Fists bunched up in her long hair, fingers twining there, and then some of those dark silhouettes—those faceless shadow girls—dragged her down to the water. Hands gripped her, six or eight or ten of them, and hoisted her off the ground. Akane managed one last scream, ragged from where she had been kicked in the throat, and then they hurled her into the shallows just offshore.

Frantic, bleeding, and broken yet desperate, she tried to drag herself from the water. Rising up, she saw the silhouettes of those black pines and knew she faced the wrong direction. When she corrected her course, those other black silhouettes greeted her. A foot came down on her head, pressing her face under the water, into the soft bottom of the bay. Struggling, she gasped, swallowing dirt and detritus from the bottom and breathing in water.

Drowning.

The whole of Miyazu Bay seemed comprised of her tears. Even the sky wept as she died.

For a boy she did not love.

1

T
hey’re going to love you.”

Kara glanced up from tying her shoes to see her father standing in the open doorway of her bedroom. He had always been tall and thin, so much so that her mother had sometimes called him “the stork,” but dressed in a suit and tie, he had somehow lost his usual awkwardness.

“You look nice,” Kara offered.

“Nice? That’s the best you can do? I think I look dashingly handsome.”

She smiled, arching an eyebrow. “Don’t push your luck.”

He stepped into the room, his expression turning serious. “Are you nervous?”

Kara rolled her eyes.

“Stupid question, huh?” her father asked.

“Very,” she said, and then she relented, letting him see just how anxious she really was. “I’m going to screw it up. I know I am. I’m going to insult someone without even knowing it, or embarrass myself so badly I’ll have to hide in the bathroom.”

“So, pretty much like any other school year, huh?”

Kara launched herself off the bed to punch him in the arm. “That’s not nice.”

“No. But it’s funny.”

“It isn’t a day for funny. It isn’t a year for funny. Everyone in Japan is so serious all the time,” she lamented.

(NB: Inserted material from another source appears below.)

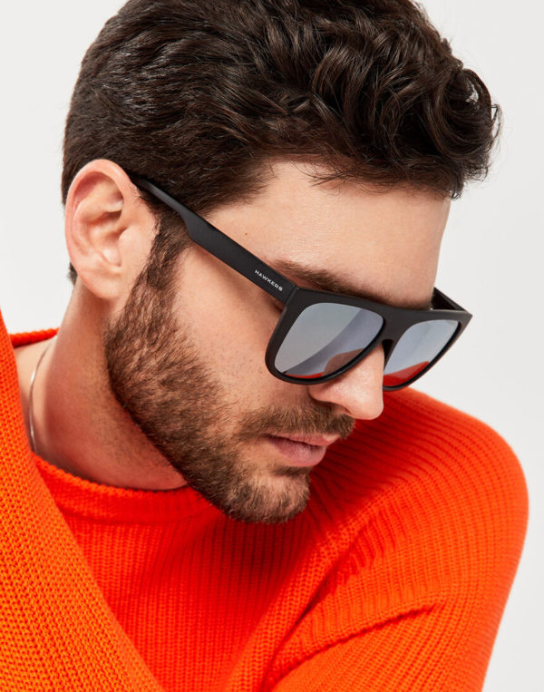 Lunettes de soleil catégorie 3 avec monture noire au fini mat et verres miroir argentés avec protection UV400%. L’élégant pont semi-rectiligne contraste avec les lignes arrondies pour donner un caractère subtilement agressif à ce modèle.
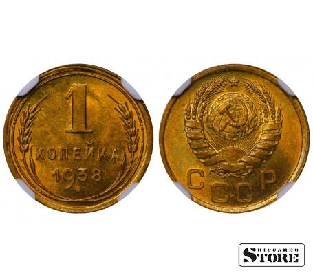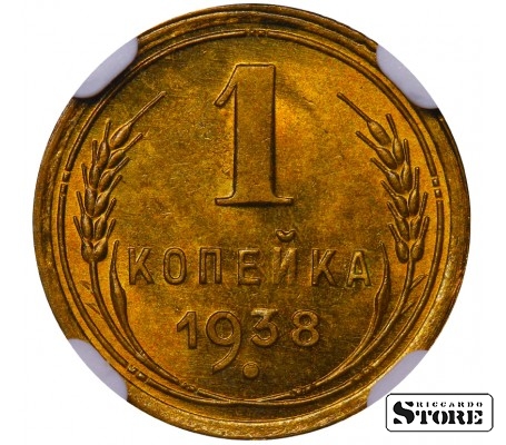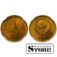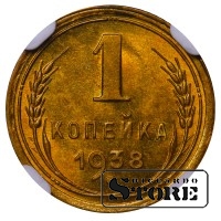 SSRS moneta, kurios nominalas 1 kapeika, išleista 1938 m. Būklė MS 65, medžiaga — aliuminio-bronzos lydinys. Svoris 1 g, skersmuo 15.2 mm. Standartinė apyvartos moneta.

“Not all the time. Just most.”

Professor Rob Harper reached out to take his daughter’s hands. Kara took comfort in his touch and looked up into his kind blue eyes. There were small laugh lines all around them— lines he’d earned—but it had been a long time since her father had really laughed. A long time for both of them. Come July, it would be two years since the car accident that had taken her mother’s life and changed everything for the husband and daughter she had left behind.

“They’re going to love you,” he said again, more emphatically.

Kara sighed. “They’re going to be polite. That’s what Japanese people do.”

A look of uncertainty swept across his face. He cupped her chin in his hands. “Hey. Tell me you’re just having first-day jitters. Otherwise—if you’ve really changed your mind—we’ll go home. Nobody says we have to do this.”

Butterflies had been flitting around inside her since they had arrived in Japan and moved into the small house in Kyoto Prefecture, both of excitement and panic, but they had never been as bad as they had gotten this morning.